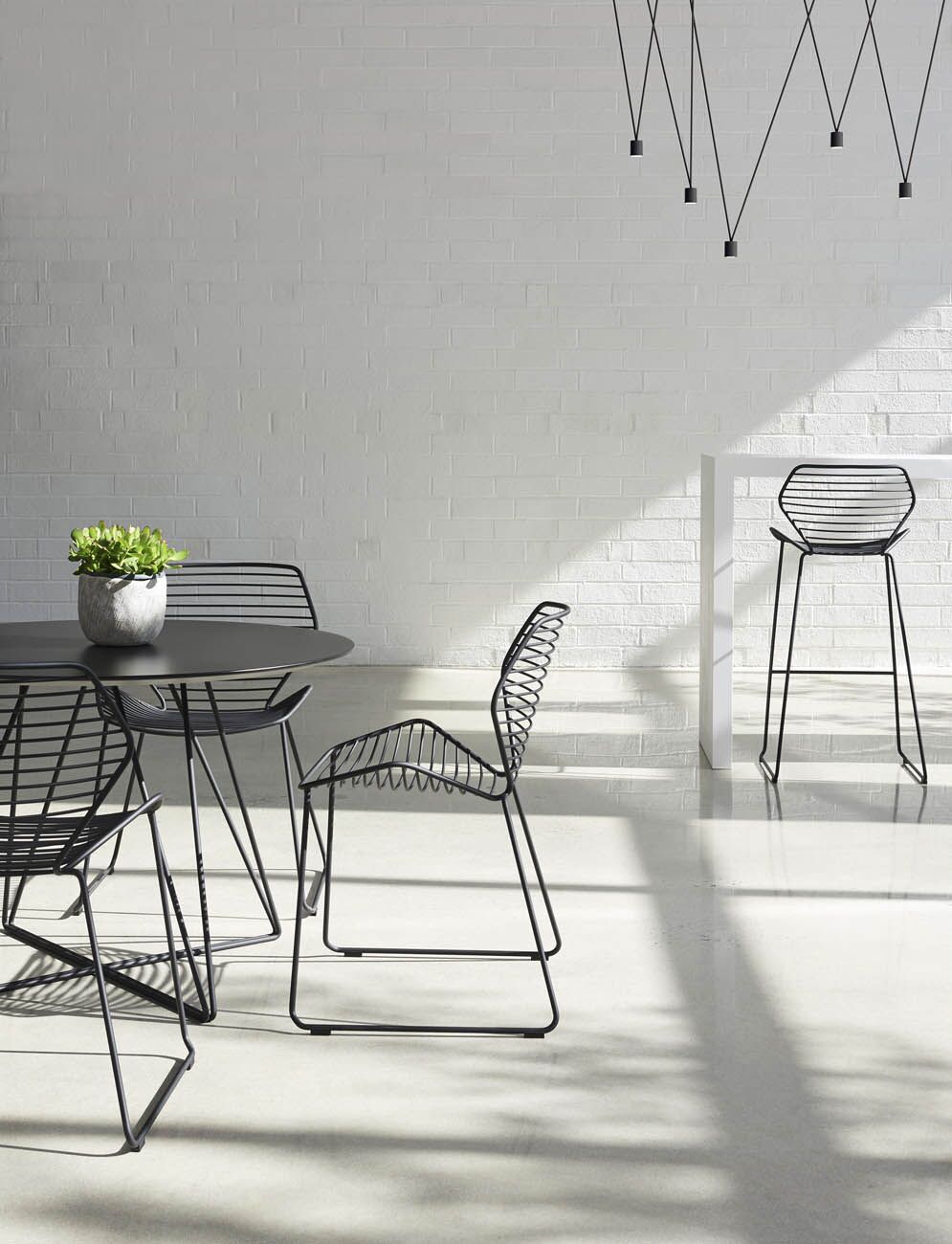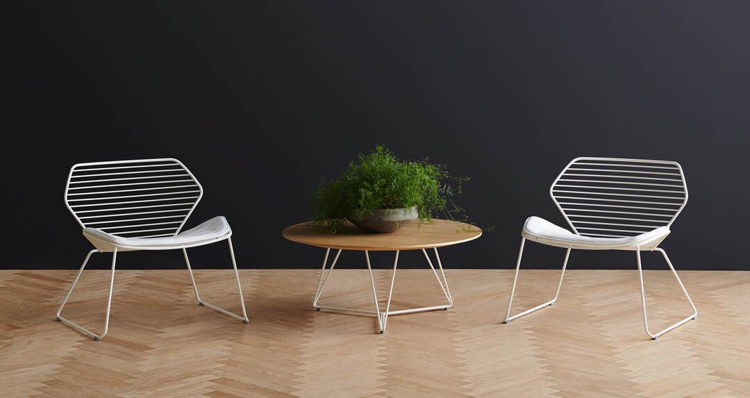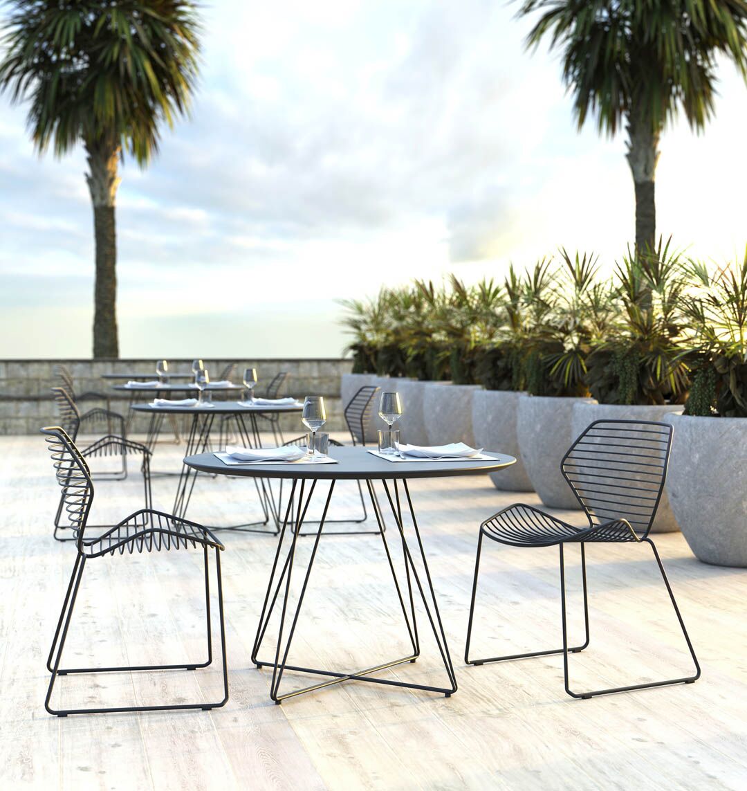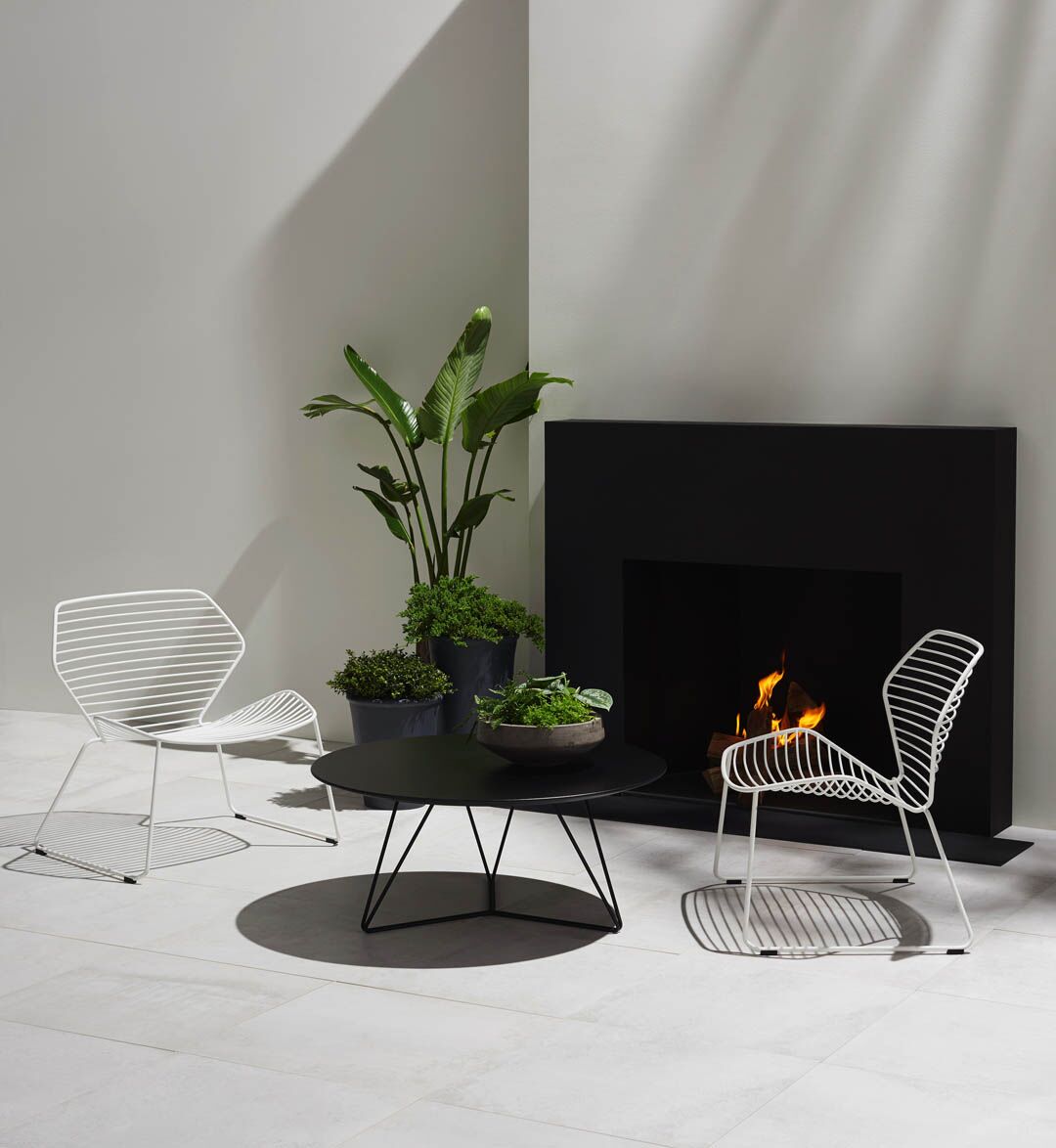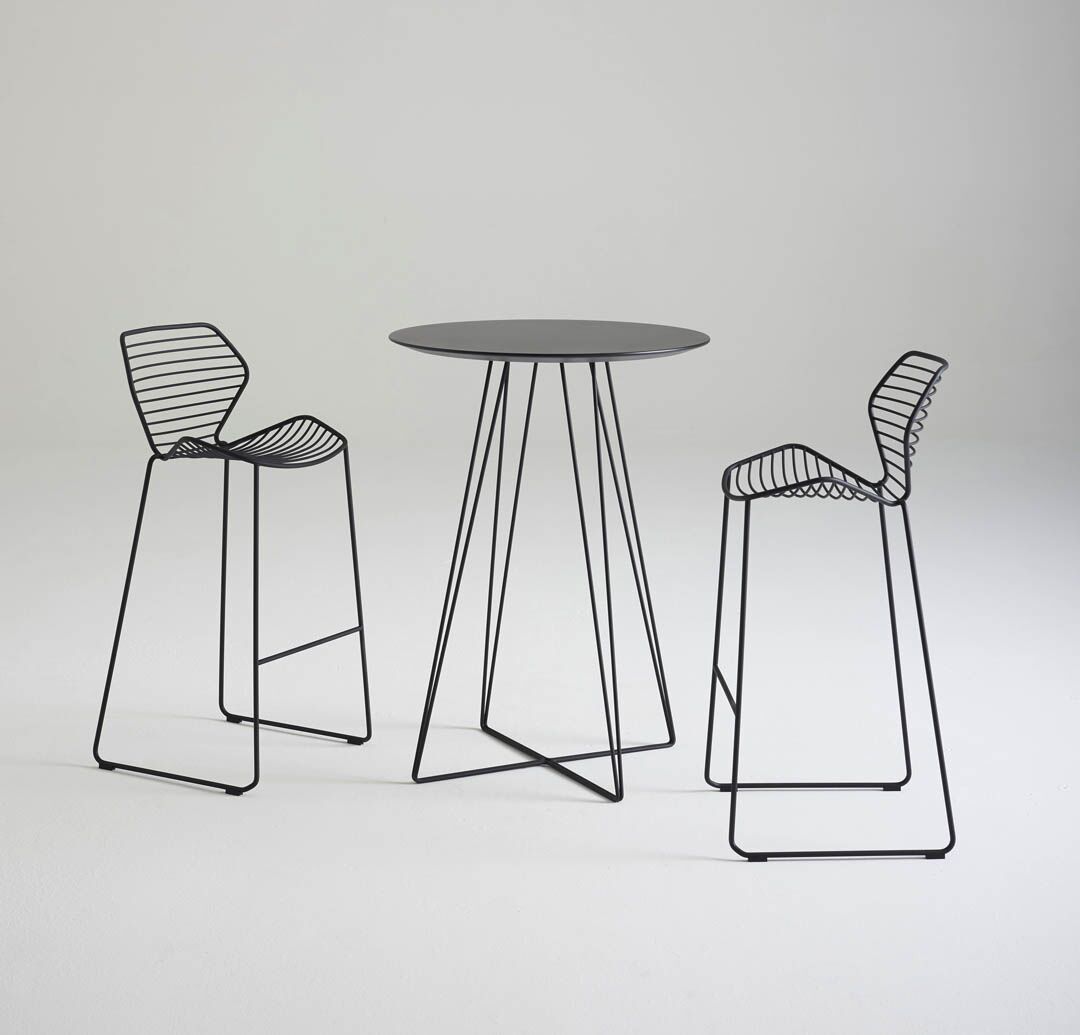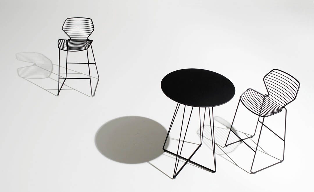 Indoor/Outdoor collection constructed of solid steel rods designed to complement the Ginkgo Wire chair
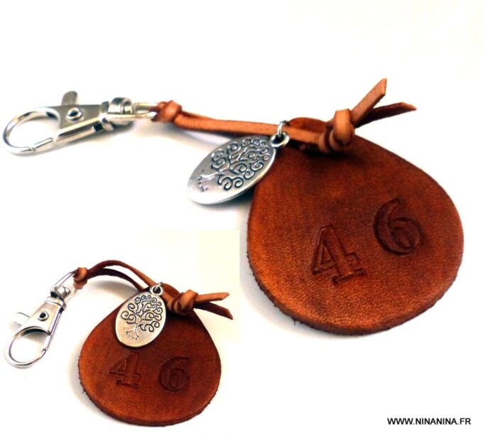 La personnalisation peut varier d’un porte-clé à l’autre et ne sera jamais aussi parfaite qu’une gravure automatique, c’est ce qui fait le charme du travail artisanal et de la pièce unique. La teinture est également réalisée à la main et peut présenter des légères differences d’un modèle à l’autre. Une petite différence de teinte ou de marquage ne pourra en aucun cas faire l’objet d’une réclamation recevable.
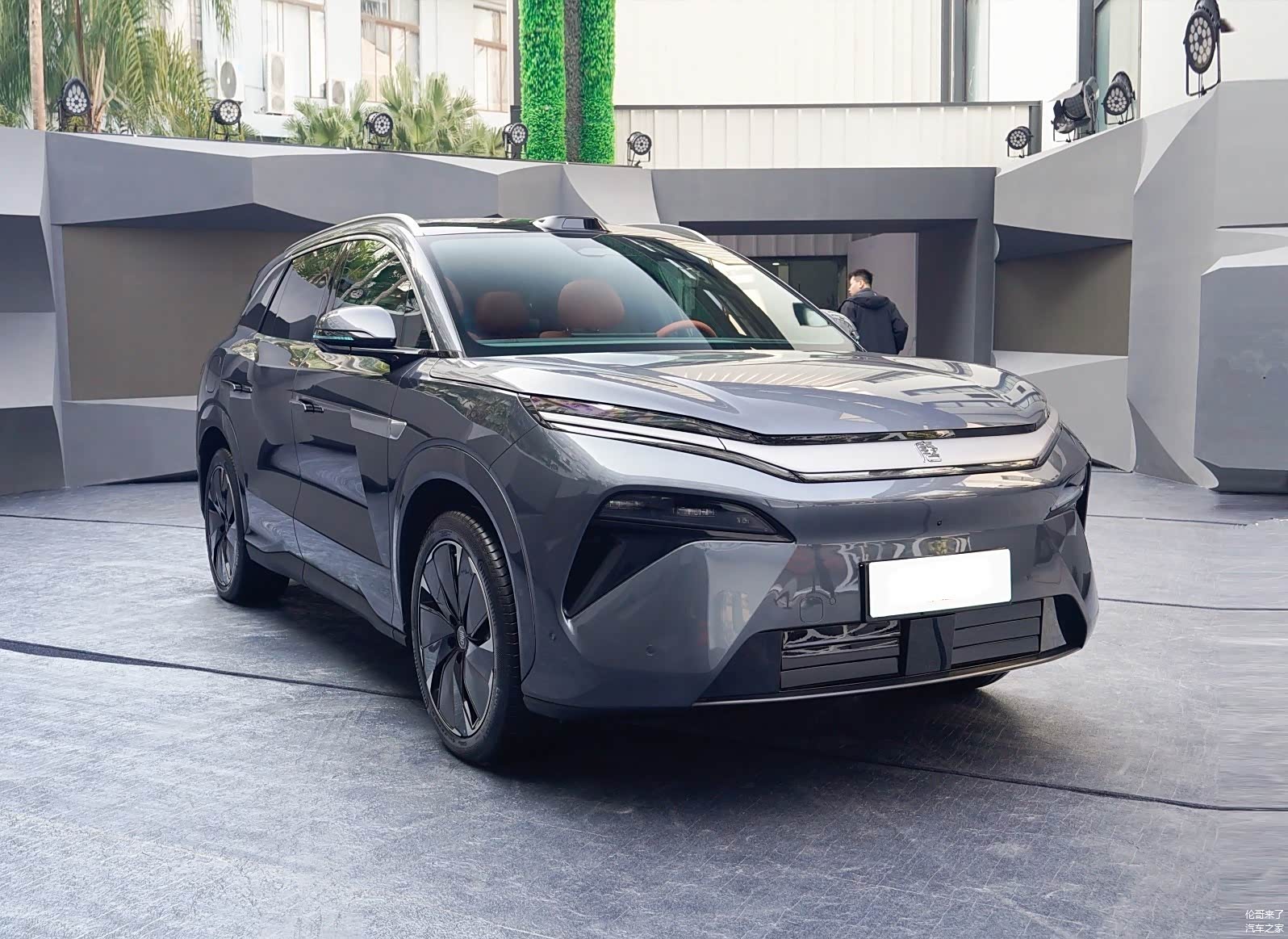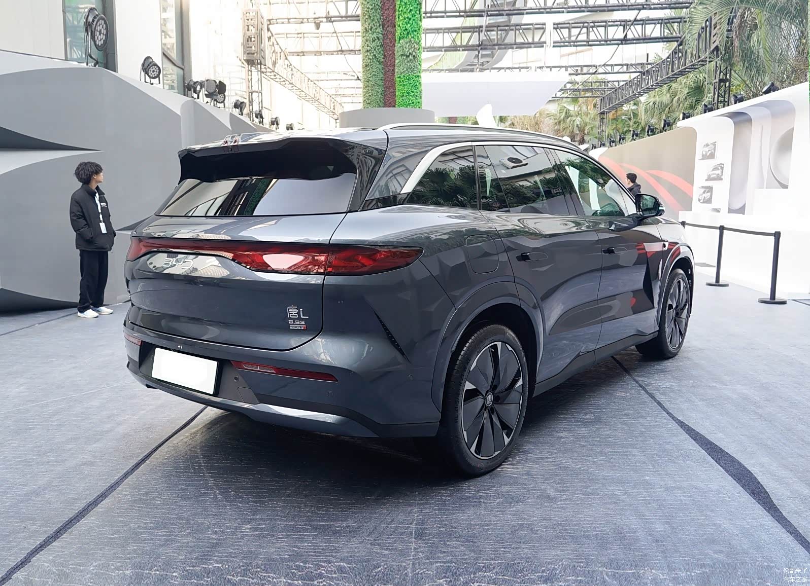 观察这款新车的侧面设计,我们可以发现其车身结构既厚实又丰满。车顶采用了明显的滑背式设计,而行李架的低矮设计与下方车窗上的镀铬饰条相结合,为车身增添了一丝精致的感觉。车窗的面积相当大,而后方的D柱上还有细长的饰条分隔,形成了悬浮式的车顶造型。车门位置的腰线既隆起又丰满,而下方的内凹设计和前门的金属色饰条的嵌入,都增强了车身的层次感。大型轮毂采用了双色封闭式设计,整体上给人一种非常出色的感觉。从车身的尺寸来看, 唐L(图片 | 参数 | 询价)的长、宽、高分别是5040/1996/1760毫米,而轴距为2950毫米。车内近三米的轴距为车内空间提供了出色的展现。
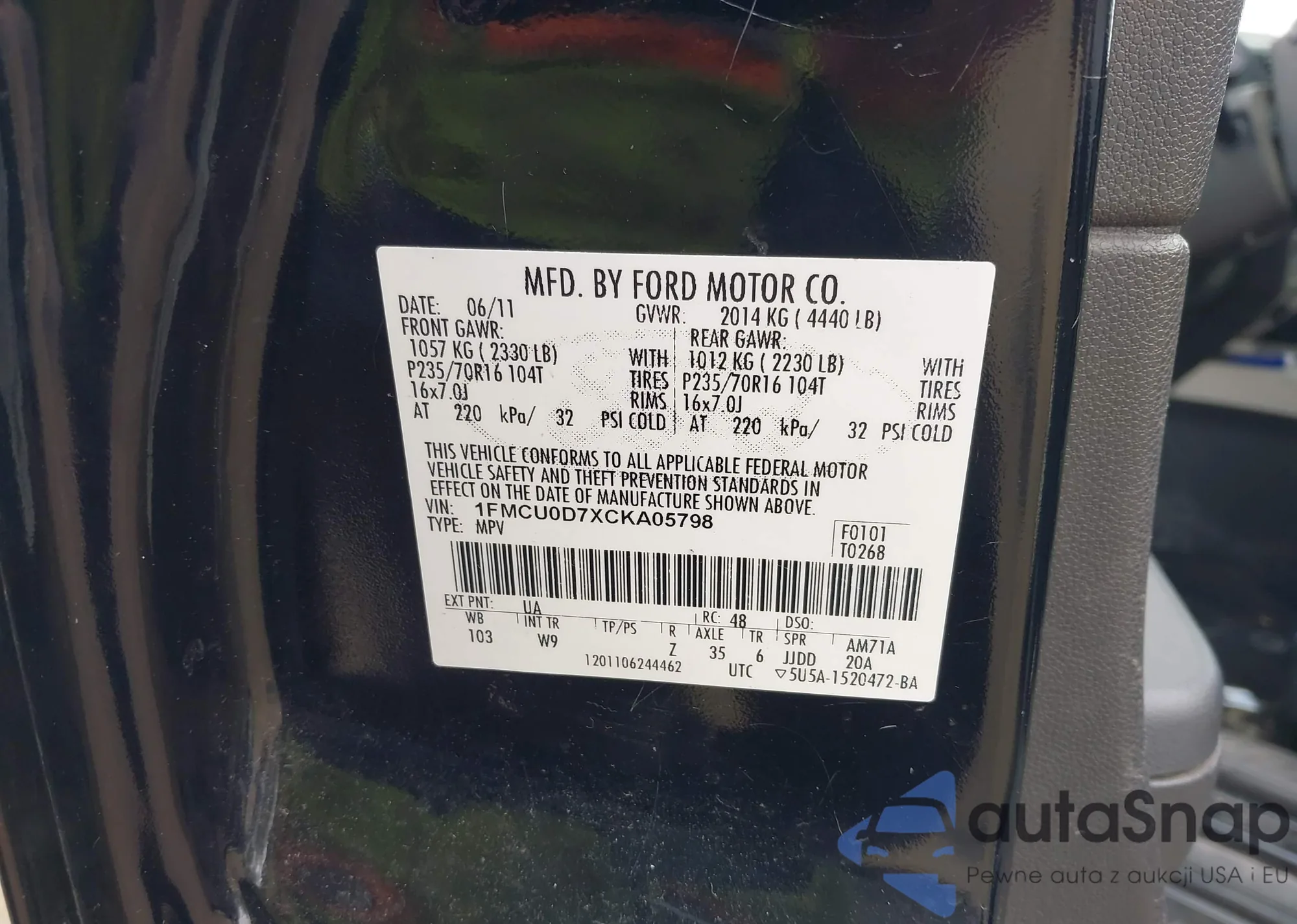 • VIN 1FMCU0D7XCKA05798
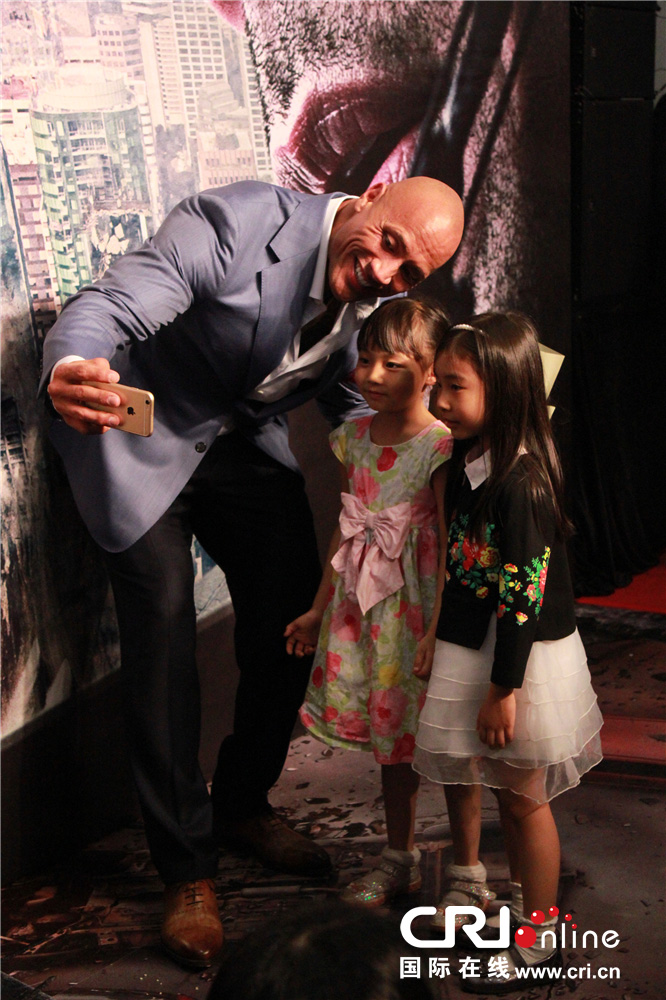 強(qiáng)森與獻(xiàn)花小粉絲賣萌自拍 見(jiàn)面會(huì)主創(chuàng)提醒“一定記得喘氣”

__________________________________________________

= WHAT NEEDS TO BE DONE =
Write the lines out exactly, beginning at the line that holds "唐L(图片 | 参数 |" and stopping after the last line of the entries; include no pictures.

= SOLUTION TO THIS TASK =
 观察这款新车的侧面设计,我们可以发现其车身结构既厚实又丰满。车顶采用了明显的滑背式设计,而行李架的低矮设计与下方车窗上的镀铬饰条相结合,为车身增添了一丝精致的感觉。车窗的面积相当大,而后方的D柱上还有细长的饰条分隔,形成了悬浮式的车顶造型。车门位置的腰线既隆起又丰满,而下方的内凹设计和前门的金属色饰条的嵌入,都增强了车身的层次感。大型轮毂采用了双色封闭式设计,整体上给人一种非常出色的感觉。从车身的尺寸来看, 唐L(图片 | 参数 | 询价)的长、宽、高分别是5040/1996/1760毫米,而轴距为2950毫米。车内近三米的轴距为车内空间提供了出色的展现。
 • VIN 1FMCU0D7XCKA05798
 強(qiáng)森與獻(xiàn)花小粉絲賣萌自拍 見(jiàn)面會(huì)主創(chuàng)提醒“一定記得喘氣”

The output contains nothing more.